The Incarnation of God in the person of Jesus of Nazareth eliminates the needs for intermediaries, not that I object to intercessions by saints on earth or in heaven.  People were not supposed to touch God’s holy mountain–on pain of death–but people could touch God incarnate, Jesus.  Indeed, many people did, and some of them had him over for dinner.  This is the understanding of God I prefer–God among the people and approachable by all.

Parables included references to circumstances many people could understand easily, but not all who heard the parables grasped them.  One needed to listen with the ears of a disciple to understand, and even the Twelve Apostles were confused much of the time.  Yet the message was there, presented plainly, for all with faithful attention to the details.

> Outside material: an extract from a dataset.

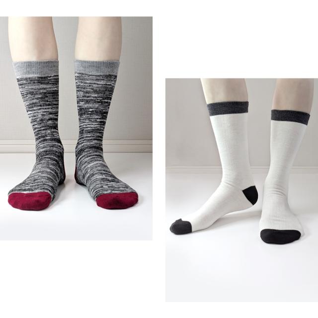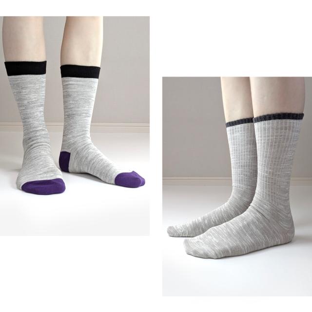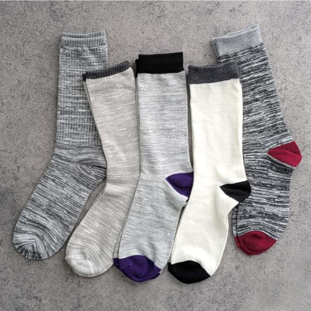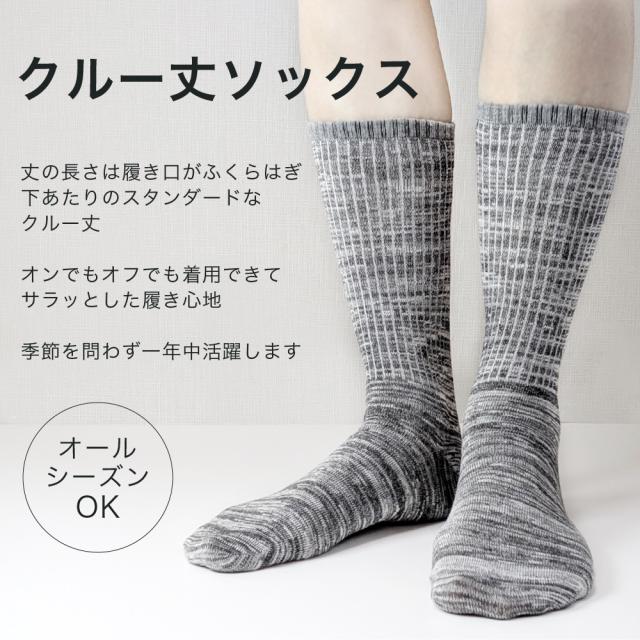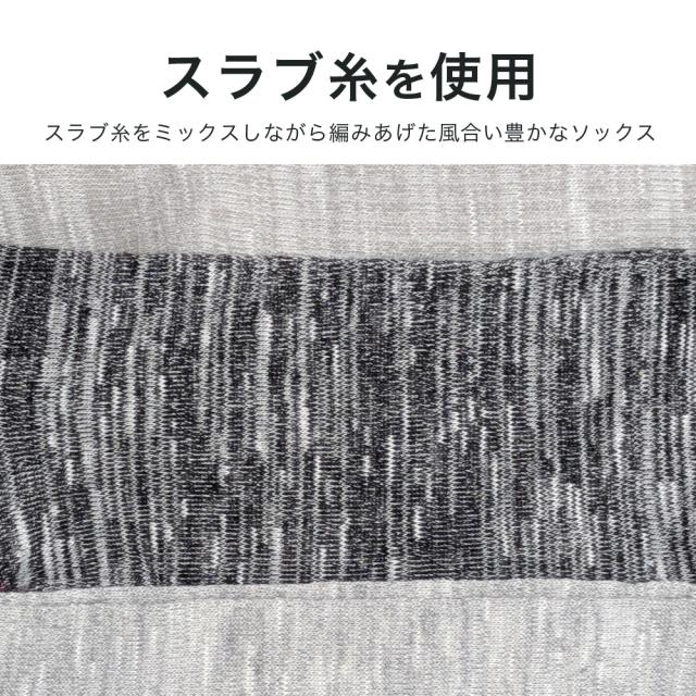 〇スラブ糸を使用した、ナチュラルな風合いと高い通気性が魅力のメンズクルー丈ソックス。

The greatest and most succinct of my theology resides in Hebrews 4:14-16, which I quote from the Revised Standard Version:

Since then we have a great high priest who has passed through the heavens, Jesus, the Son of God, let us hold fast our confession.  For we have not a high priest who is unable to sympathize with our weaknesses, but one who in every respect has been tempted as we are, yet without sin.  Let us then with confidence draw near to the throne of grace, that we may receive mercy and find grace to help in time of need.

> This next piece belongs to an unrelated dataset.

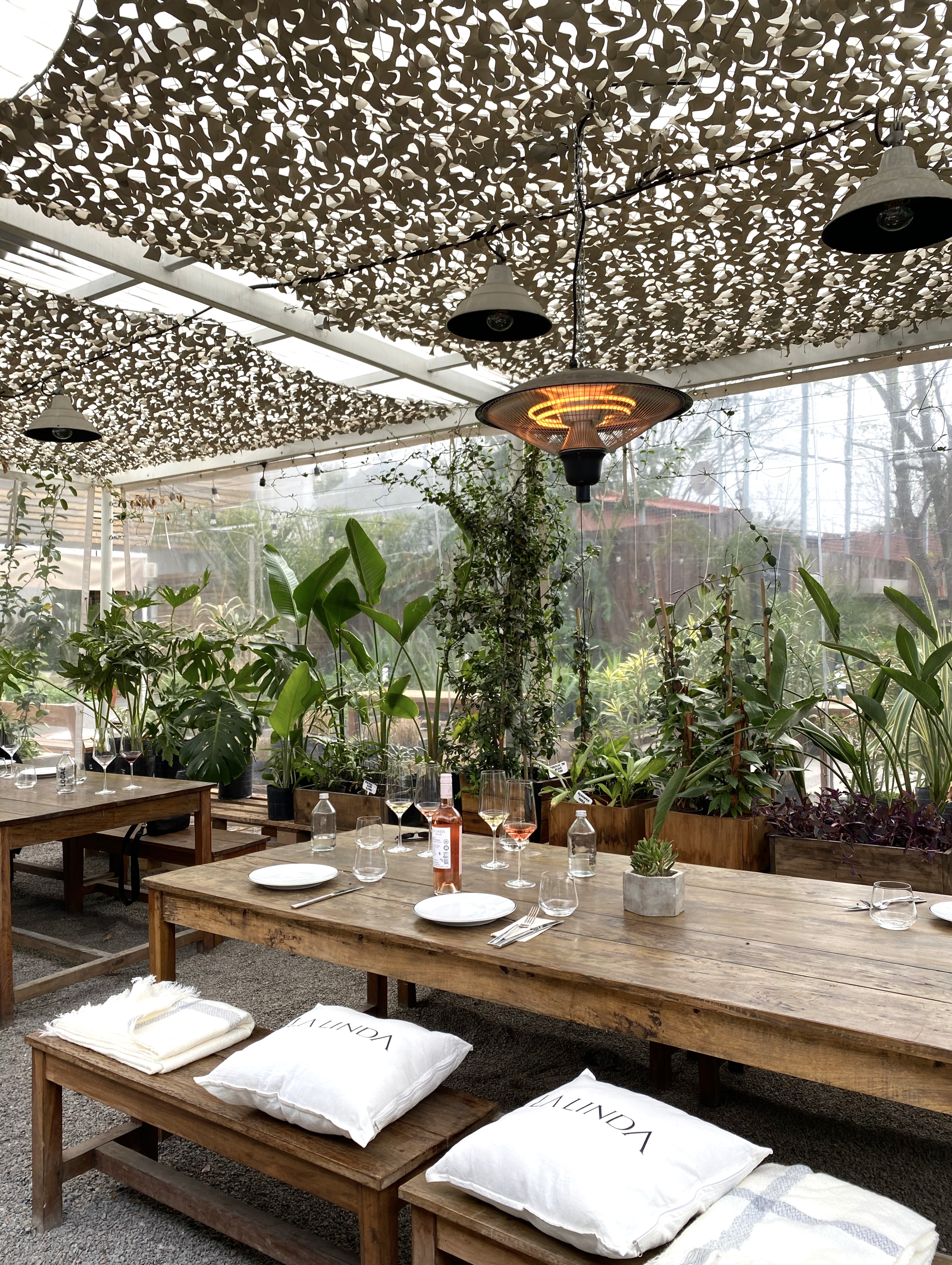 El primer proyecto gastronómico de Feli Pizarro y su marido es una unión de sus dos esencias y pasiones: vivero, cava, fuegos, quesos y charcutería. El espacio amplio que comparten con el tercer local de La Valiente, en Nordelta, tiene dos momentos muy distintos. De día, un refugio entre verdes, cielos celestes y fibras naturales. De noche, una experiencia más íntima, con una iluminación escondida entre los jardines que cautiva y marida ideal con el protagonismo del fuego.

This is how I approach God:  respectfully and honestly, holding back nothing, especially the unpleasant aspects of myself.  God knows about those anyhow.  I praise, intercede, and kvetch.  Never have I felt anything other than divine love and compassion.  I have approached God in the best of times, the worst of times, and all manner of circumstances in between.  My sense of the presence of God has saved my life on more than one occasion.  The holiness of God is most evident in divine approachability, not mysterious aloofness.

In the Name of God:  the Father, the Son, and the Holy Spirit.  Amen.